The empirical results indicate that our approach performs better than AR(2) and AR(1) models. However, there could be other models besides AR(2) and AR(1) that result in improved forecasting than the models we have used in this study.

Table 6 Root mean square error between forecast values and the observed values for the last 50 time points

5.2 House price index

In this section, we analyze quarterly Case–Shiller House Price Index (CSI), a benchmark measure of single-family house price in the United States. As price moves with the affordability of dwellers, and the affordability is directly linked to family income, inflation, and interest rate, etc.; real personal income (RPI), prime rate (PR), and consumers price index (CPI) serves as natural choice of covariates. However, it is well known that aside from these fundamental economic factors, the market sentiment plays a big role (particularly in illiquid markets like housing) and causes unexplained price movements and bubbles. While the regression component explains the contribution of the fundamental factors, modeling the error autocorrelation may help understand the market sentiment.

Housing related data were gathered from different sources; U.S. national level CSI data were collected from http://us.spindices.com/index-family/real-estate/sp-case-shiller. RPI data were collected from Federal Reserve Bank of St. Louis (http://research.stlouisfed.org/fred2/). PR and CPI data were collected from Federal Housing Finance Agency (http://www.fhfa.gov/). The CSI is available quarterly, whereas other variables are available on different time scale. For simplicity, we used all the variables considered in the analysis on a quarterly time scale after we either averaged out or interpolated them to match the same time scale. We collected data for the years 1987–2011, used data till 4th quarter of year 2010 for modeling and the rest four quarters for comparing the forecast.

For data analysis, we considered the following model of quarterly changes in log of these indices:

$$\begin{aligned}&\log \left( \frac{CSI_t}{CSI_{t-1}}\right) \nonumber \\&\quad = \beta _1 \log \left( \frac{RPI_{t-1}}{RPI_{t-2}}\right) +\beta _2 \log \left( \frac{CPI_{t-1}}{CPI_{t-2}}\right) + \beta _3 \log \left( \frac{PR_{t-1}}{PR_{t-2}}\right) + \epsilon _t. \end{aligned}$$
(13)

There is a concern that \(\log \left( \frac{CSI_t}{CSI_{t-1}}\right) \) would not be well modeled by a stationary process. Since our model assumption is the stationarity of the error process, we check unit root possibility for our data set using a standard Dickey–Fuller test (Dickey and Fuller 1979) and PhillipsPerron test (Perron 1988). Specifically, we test a unit root of the error term by testing the residuals obtained from the least square method. P values (0.04417 for Dickey–Fuller test and 0.04459 for Phillips–Perron test) suggest that the residuals does not indicate a unit root process. Thus, we apply our methodology to the model given in (13) with this data set.

For the Bayesian MCMC implementation, we ran 3 Gibbs chains with 10,000 iterations, and obtained the last 1000 iterations from each chain for posterior analysis after checking convergence. Gibbs updates for AR(2) and AR(1) parametric models and the proposed non-parametric approach were implemented to compare the results.

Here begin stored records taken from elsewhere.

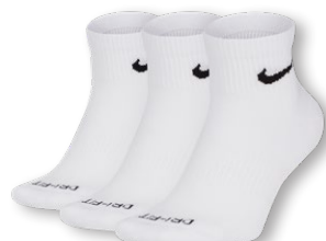
NIKE EVERYDAY PLUS CUSHION ANKLE 3PPK SX6890 Page 45
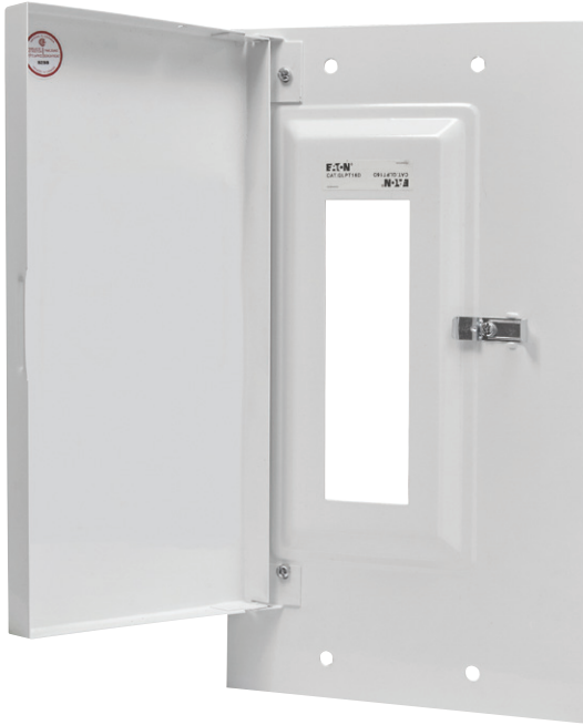
QLPT16DW (Door Open)
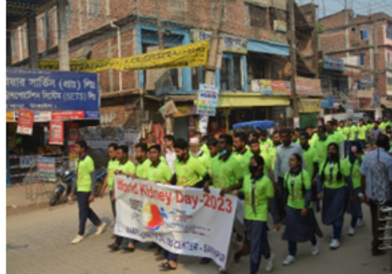
KAMPS Kidney & Dialysis Center - Nawabganj rally to mark World Kidney Day. 2023.

Table 7 Posterior estimates of regression coefficients (\({\varvec{\beta }}\)) for the real data. The value in () is the posterior standard deviation

Everyday economics tell us that an increase in income and inflation will fuel house price, while an increase in interest rate will shrink house prices. Thus, we expect that \(\beta _1\) and \(\beta _2\) to be positive, and \(\beta _3\) to be negative. Table 7 shows the estimates of regression coefficients for three covariates. Although all estimates are not statistically significant given the size of posterior standard deviation, we compare the sign of each estimate. All three models estimate \(\beta _3\) negative. However, only the proposed nonparametric estimate produces a positive \(\beta _1\). Surprisingly, all three estimates produce negative \(\beta _2\) which is counter intuitive at first. However, a closer look reveals that the inflation has already been taken care of by using real income instead of nominal income which can lead a negligibly small estimated \(\beta _2\).

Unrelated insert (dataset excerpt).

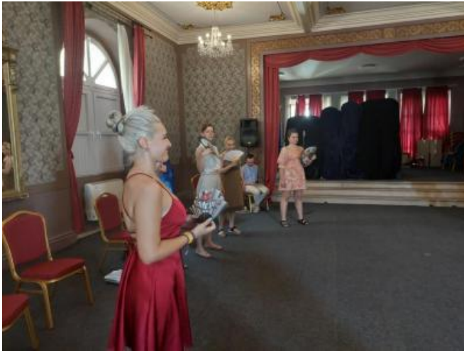
Creating the dramatic character, Jelsa 2024
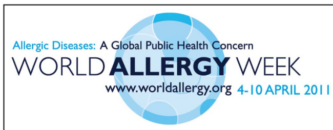
FIGURE 6. Logo of the World Allergy Week 2011 initiative of the World Allergy Organization.

It was at the congress in Sydney in 2000 that the House of Delegates reviewed and approved the overall concepts

Table 8 shows forecasting results from the real data. Similar to the simulation study, estimated prediction error from our approach tends to be smaller than that of the other two parametric approaches (AR(2) and AR(1)). Unfortunately, the predicted values are not that close to the observed values for all three fitted models but the values from our approach is closer to the observed values when compared to the results from the other two approaches.

Table 8 Prediction of the last four quarters for the real data

6 Discussion

We propose a nonparametric modeling of the autocovariance function in a time series regression model beneath a Bayesian framework. We achieved so by introducing a Gaussian process prior on the logarithm of the spectral density in the frequency domain. Considering a Whittle likelihood lead us to a manageable posterior distribution which helped us to collect posterior samples via a MCMC method for Bayesian inference.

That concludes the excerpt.